Thankfully, the authors don’t waste any time and get right to the motivation of their manuscript. They quickly identify that some of the key issues surrounding p-values are that (i) they’ve become increasingly prevalent, often among inexperienced practitioners, in the big data era. And (ii) many top journals require p-values which require statistical significance (there are those words again) in order for a study to be accepted for publication. The problem here is that even when p-values are used correctly, they are often an ineffective metric. A p-value below a significance threshold of α = 0.05 can still mean that the study in question has a false detection rate (FDR) of around 30%. This means that of all the results labelled “positive,” the conclusion is incorrect 30% of the time (more on this later) due to various research constraints. This already sounds bad!

They go on to reference a neat paper called “The Earth is Round (p<0.05)” which is highly critical of NHST. I didn’t dig into this too much , but the crux of the argument is that it is very easy for one to define and subsequently disprove a “nil” hypothesis in which there is no effect size difference between two samples. Contrast this with a true “null” hypothesis where the effect size (or perhaps a range of effect sizes) is clearly defined.

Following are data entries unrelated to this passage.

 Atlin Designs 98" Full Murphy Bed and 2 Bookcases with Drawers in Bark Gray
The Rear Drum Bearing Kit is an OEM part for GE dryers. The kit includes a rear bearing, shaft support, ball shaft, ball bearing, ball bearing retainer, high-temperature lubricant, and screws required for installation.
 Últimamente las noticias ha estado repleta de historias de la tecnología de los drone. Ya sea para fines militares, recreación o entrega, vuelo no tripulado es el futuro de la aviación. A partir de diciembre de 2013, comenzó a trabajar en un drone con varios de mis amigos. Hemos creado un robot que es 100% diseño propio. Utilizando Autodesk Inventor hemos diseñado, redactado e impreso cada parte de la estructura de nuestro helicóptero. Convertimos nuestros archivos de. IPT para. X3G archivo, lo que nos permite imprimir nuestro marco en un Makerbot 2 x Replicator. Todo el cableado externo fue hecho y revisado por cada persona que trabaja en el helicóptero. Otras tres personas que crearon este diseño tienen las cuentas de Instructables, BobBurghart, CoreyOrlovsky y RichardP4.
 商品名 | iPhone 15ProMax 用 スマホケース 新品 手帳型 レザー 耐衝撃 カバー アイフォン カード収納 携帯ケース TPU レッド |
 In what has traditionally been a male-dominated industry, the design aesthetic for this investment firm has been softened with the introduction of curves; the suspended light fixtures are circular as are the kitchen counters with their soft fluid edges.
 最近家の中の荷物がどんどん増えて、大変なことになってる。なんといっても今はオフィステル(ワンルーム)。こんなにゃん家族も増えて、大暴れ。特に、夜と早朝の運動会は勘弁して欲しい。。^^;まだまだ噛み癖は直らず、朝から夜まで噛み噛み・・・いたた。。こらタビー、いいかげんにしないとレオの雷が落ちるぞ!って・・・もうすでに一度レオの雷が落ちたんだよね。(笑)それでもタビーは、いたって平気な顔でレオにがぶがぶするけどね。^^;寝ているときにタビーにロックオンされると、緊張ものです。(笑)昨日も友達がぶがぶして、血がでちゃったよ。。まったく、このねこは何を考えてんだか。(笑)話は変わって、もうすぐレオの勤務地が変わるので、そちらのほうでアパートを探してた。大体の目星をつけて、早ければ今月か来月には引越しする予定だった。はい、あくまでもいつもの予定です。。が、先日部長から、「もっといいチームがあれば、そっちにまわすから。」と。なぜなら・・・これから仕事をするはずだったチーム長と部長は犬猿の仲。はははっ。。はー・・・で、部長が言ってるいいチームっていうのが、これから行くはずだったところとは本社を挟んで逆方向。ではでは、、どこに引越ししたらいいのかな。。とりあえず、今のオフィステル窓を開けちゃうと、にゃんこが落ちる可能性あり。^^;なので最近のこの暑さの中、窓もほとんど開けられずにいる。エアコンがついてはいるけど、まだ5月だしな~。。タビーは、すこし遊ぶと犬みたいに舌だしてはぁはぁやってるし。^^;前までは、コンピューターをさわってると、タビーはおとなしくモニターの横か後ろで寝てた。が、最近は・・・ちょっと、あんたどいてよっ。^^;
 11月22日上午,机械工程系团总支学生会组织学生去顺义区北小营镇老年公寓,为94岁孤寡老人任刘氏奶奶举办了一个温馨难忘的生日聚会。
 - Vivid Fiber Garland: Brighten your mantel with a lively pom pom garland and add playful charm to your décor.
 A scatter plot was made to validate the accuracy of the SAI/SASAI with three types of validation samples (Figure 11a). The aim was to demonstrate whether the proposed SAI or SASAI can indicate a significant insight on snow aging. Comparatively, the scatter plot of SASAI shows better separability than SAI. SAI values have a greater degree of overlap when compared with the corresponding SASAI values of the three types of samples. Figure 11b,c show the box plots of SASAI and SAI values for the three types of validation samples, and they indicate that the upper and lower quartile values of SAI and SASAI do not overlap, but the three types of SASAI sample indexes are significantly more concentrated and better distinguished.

Not only is the former statement mathematically weaker, it is also lacking in the sense that it does not imply anything about causality. In fact, given enough data and enough hidden, underlying features, one is almost certainly going to always reject a nil hypothesis. This is again a paramount issue with big data where these kinds of scenarios are plausible. How can it ever be interesting to show that there is a purely statistical difference between two samples without knowing what the actual cause is? The authors make a comment here about how one of the problems regarding this issue is how the language is perceived. When one rejects a nil hypothesis, the generally accepted terminology that one gets to invoke is that there result is statistically significant. This sounds good, but as we’ve just argued, it’s really not!

There’s also some background here about how Fisher’s original idea for hypothesis testing differs from that of Neyman and Pearson. I’ll leave the details to the reader, but the main point is that Fisher originally intended hypothesis testing to be a method which concludes that more studies need to be done. This is in line with traditional scientific thinking, where vast amounts of insurmountable evidence are accumulated carefully over time in order to make a compelling case. He most definitely did not intend for NHST to be used as something which allows a researcher to claim evidence based on a single study.

2. The False Discovery Rate

The point of this section is to dispel myths about the meaning of the significance level and how it relates to errors. The significance level α is equivalent to the type I error rate, but it is not the rate at which errors occur. The traditional error rate that people generally think of is actually defined as

$FDR = \frac{FP}{TP + FP}$ .

Or, in terms of “prevalence” and statistical power:

$FDR = \frac{(1-prevalence)*type\, I\, error\, rate}{prevalence*power + (1-prevalence)*type\, I\, error\, rate}$ .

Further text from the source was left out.